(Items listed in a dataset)
· · · · ·

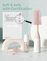 • Ultra-Soft Silicone Bristles - Our silicone bristles are gentle yet effective, ensuring a scratch-free clean for your bottles. The removable design and compact size make it convenient to carry around in the included travel bag.
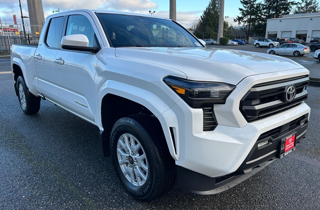 3.583 Axle Ratio, 4-Wheel Disc Brakes, 6 Speakers, ABS brakes, Air Conditioning, All Weather Floor Liners, Alloy wheels, AM/FM radio: SiriusXM, Anti-whiplash front head restraints, Apple CarPlay/Android Auto, Auto High-beam Headlights, Auto-dimming Rear-View mirror, Brake assist, Bumpers: body-color, Driver door bin, Dual front impact airbags, Dual front side impact airbags, Electronic Stability Control, Emergency communication system: Safety Connect (up to 10-year trial subscription), Exterior Parking Camera Rear, Fabric Seat Trim, Four wheel independent suspension, Front anti-roll bar, Front Bucket Seats, Front Center Armrest, Front fog lights, Front reading lights, Fully automatic headlights, Heated door mirrors, Heated Seats, Illuminated entry, Knee airbag, Low tire pressure warning, Mudguards, Multimedia Glass Screen Protector, Occupant sensing airbag, Outside temperature display, Overhead airbag, Overhead console, Panic alarm, Passenger door bin, Power door mirrors, Power steering, Power windows, Radio: 8" Toyota Audio Multimedia, Rear step bumper, Rear window defroster, Remote keyless entry, Speed control, Speed-sensing steering, Split folding rear seat, Steering wheel mounted audio controls, Tachometer, Telescoping steering wheel, Tilt steering wheel, Traction control, Trip computer, USB Rear Power Port, Variably intermittent wipers, Wheel Locks, Wheels: 17" Styled Alloy.2026 Toyota Tacoma SR5 Ice RWD 8-Speed Automatic 2.4L 4-CylinderRecent Arrival! 21/26 City/Highway MPG
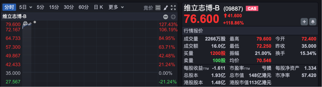 港股创新药维立志博-B上市首日开盘一度涨超120%,现报76.6港元/股。
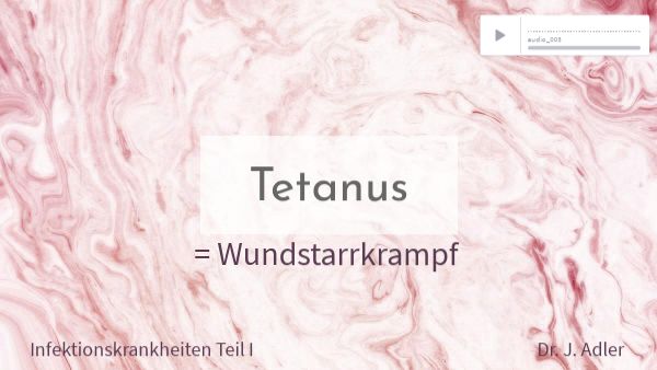 - Erreger: Clostridium tetani -> Anaerobes Stäbchenbakterium - Bildet Tetanospasmin – das zweitstärkste bekanntes Bakterientoxin - Vorkommen: Tetanus-Sporen kommen überall vor, z.B. Straßenstaub, GartenerdeBesiedlung von offenen Wunden, insbesondere tiefe, sauerstoffarme Bereiche (Anaerob!)
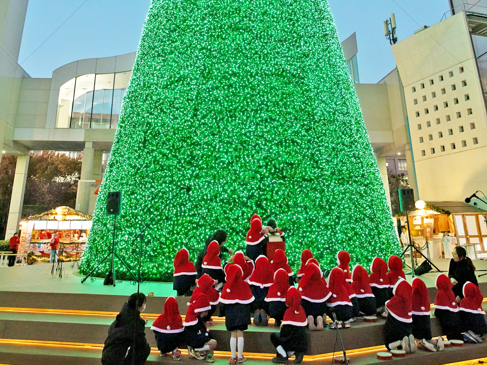 広場中央にそびえたつのは、高さ25m、約13万球のLEDに覆われた圧巻のクリスマスツリー。
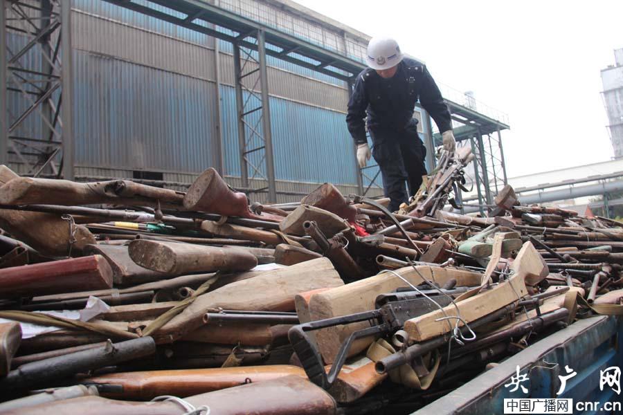 央廣網(wǎng)蘭州10月31日消息(記者焦健 王居蔚)伴隨著煉鋼爐中騰起的一團(tuán)烈火,爐內(nèi)的非法槍支已經(jīng)瞬間化為鐵水。煉鋼廠門口的空地上五輛滿載著非法槍支的大卡車一字排開。車上的一萬(wàn)余支非法槍支正等待著同樣的命運(yùn)。今天上午,甘肅省公安廳在蘭州榆中鋼廠對(duì)“緝槍治爆”專項(xiàng)行動(dòng)中收繳的12252支非法制造的火藥槍、獵槍、氣槍,7568支仿真槍、8967把管制刀具予以安全銷毀。
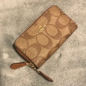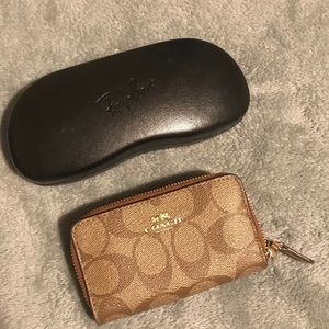 Beautiful mini Coach wallet in perfect condition. It has two zip pockets that can hold tons of credit cards and some cash. I included a picture next to a Ray Bans glasses cases for a size reference.
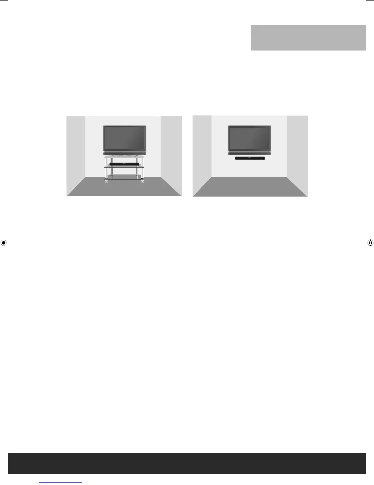 Select an area where sunlight will not fall directly on the soundbar. Also, be sure that the location selected allows a free flow of air to and
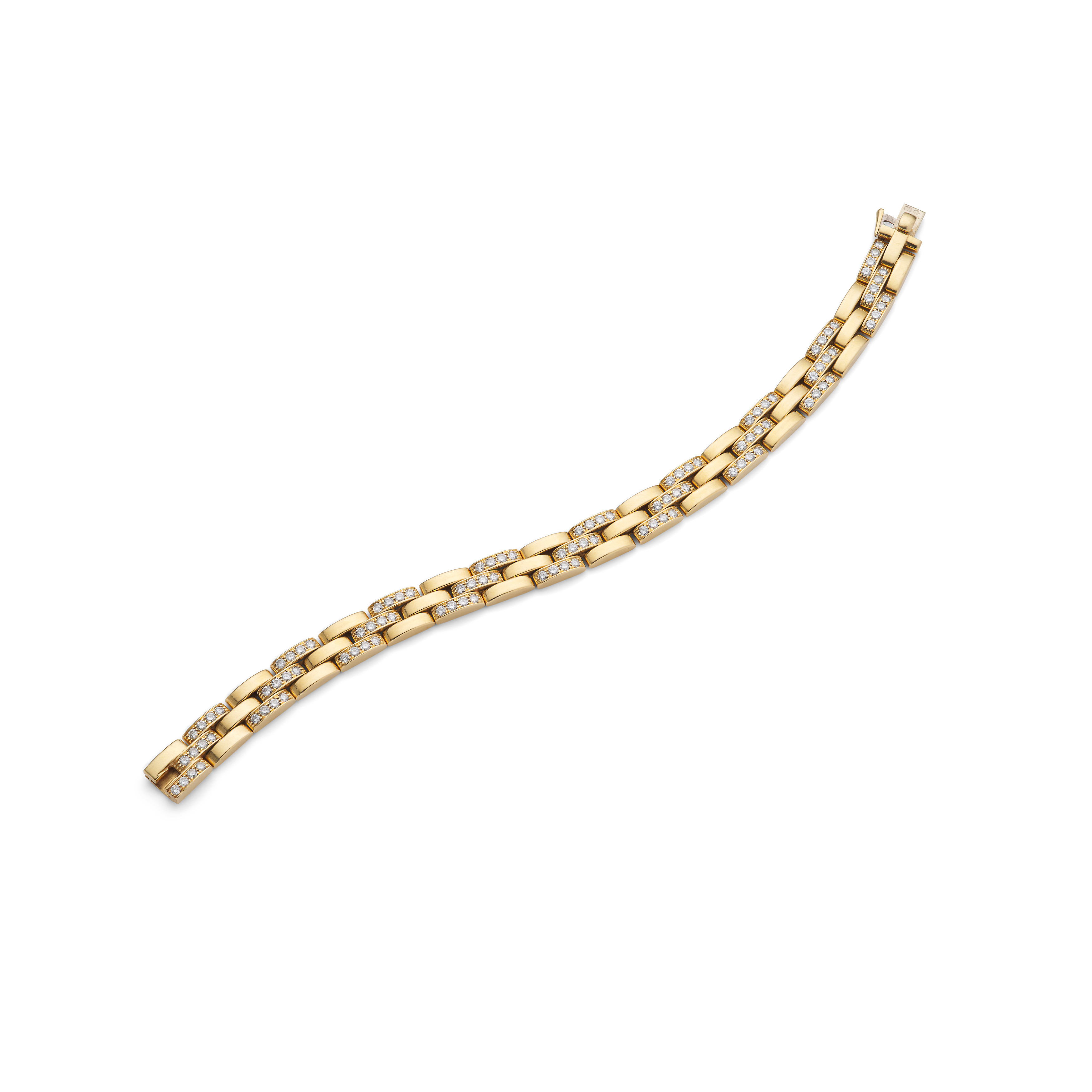 The articulated series of 18 carat gold brick-links, set at intervals with brilliant-cut diamonds, to a concealed clasp, diamonds approx. 3.00 carats total, signed Cartier, maker's mark, numbered, French and Swiss assay marks, European convention mark, length 18.9cm, maker's pouch
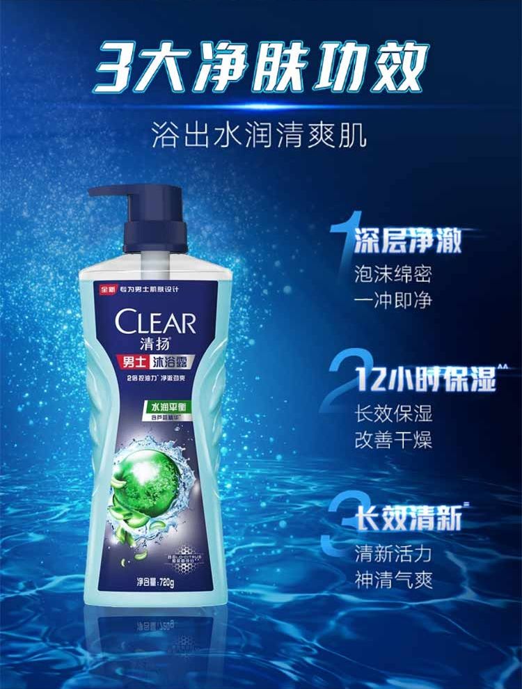商品名称:清扬 男士系列水润平衡沐浴露 720G
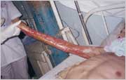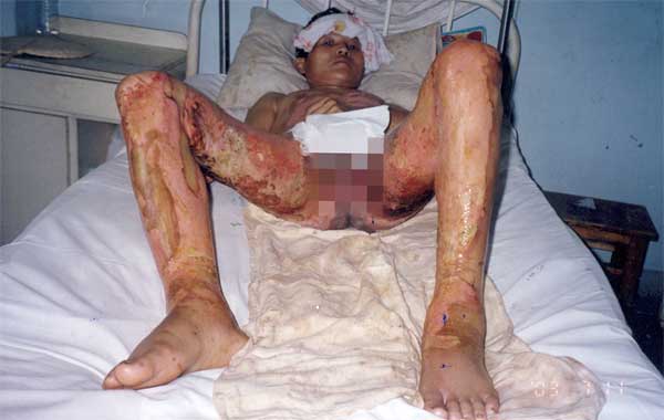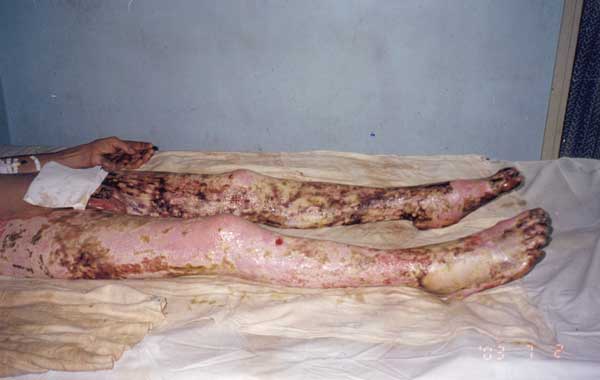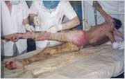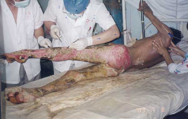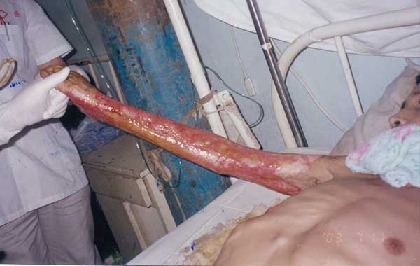 2003年6月20日,是宣城活炭廠工人黃家定不幸的一天,他在工作時不慎跌入含有30%磷酸沸水池內(nèi),致全身燒燙傷,總面積達54%,(淺三度10%,深三度44%。其深三度組織損傷程度深達皮下及深筋膜層)。由于患者屬于強酸化學燒傷,沸水燙傷,合并磷中毒損傷,入院后4天,患者即出現(xiàn)了敗血癥,應(yīng)激性潰瘍大出血、肺水腫、嚴重低蛋白血癥、代謝性酸中毒、全身浮腫、全骨髓抑制、心肌損害等多種并發(fā)癥。
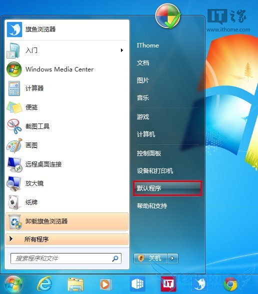 在Win7中,点击开始按钮→默认程序→设置默认程序,选择想要的浏览器后,点击“将此程序设置为默认值”,然后点击“确定”即可完成修改,如下图——
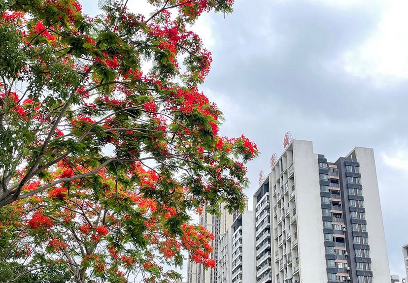 据悉,一般凤凰花在5月中下旬进入盛花期。由于今年的凤凰木开花情况很好,开花时间可能略微提早,喜欢赏花的街坊可以提早做好观赏安排了。
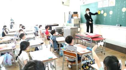 まず、第一弾として、1年で、研究授業を行いました。今日の学習は、「は」と「わ」。ことばとことばをつなげるときに使う「は」は、ワと読むことです。文章の終わりには、『。』をつけることも学習しました。

· · · · ·

Give back, word for word, the lines from the one with "据悉,一般凤凰花在5月中下旬" to the end of the records above, and no pictures.

Solution:
 据悉,一般凤凰花在5月中下旬进入盛花期。由于今年的凤凰木开花情况很好,开花时间可能略微提早,喜欢赏花的街坊可以提早做好观赏安排了。
 まず、第一弾として、1年で、研究授業を行いました。今日の学習は、「は」と「わ」。ことばとことばをつなげるときに使う「は」は、ワと読むことです。文章の終わりには、『。』をつけることも学習しました。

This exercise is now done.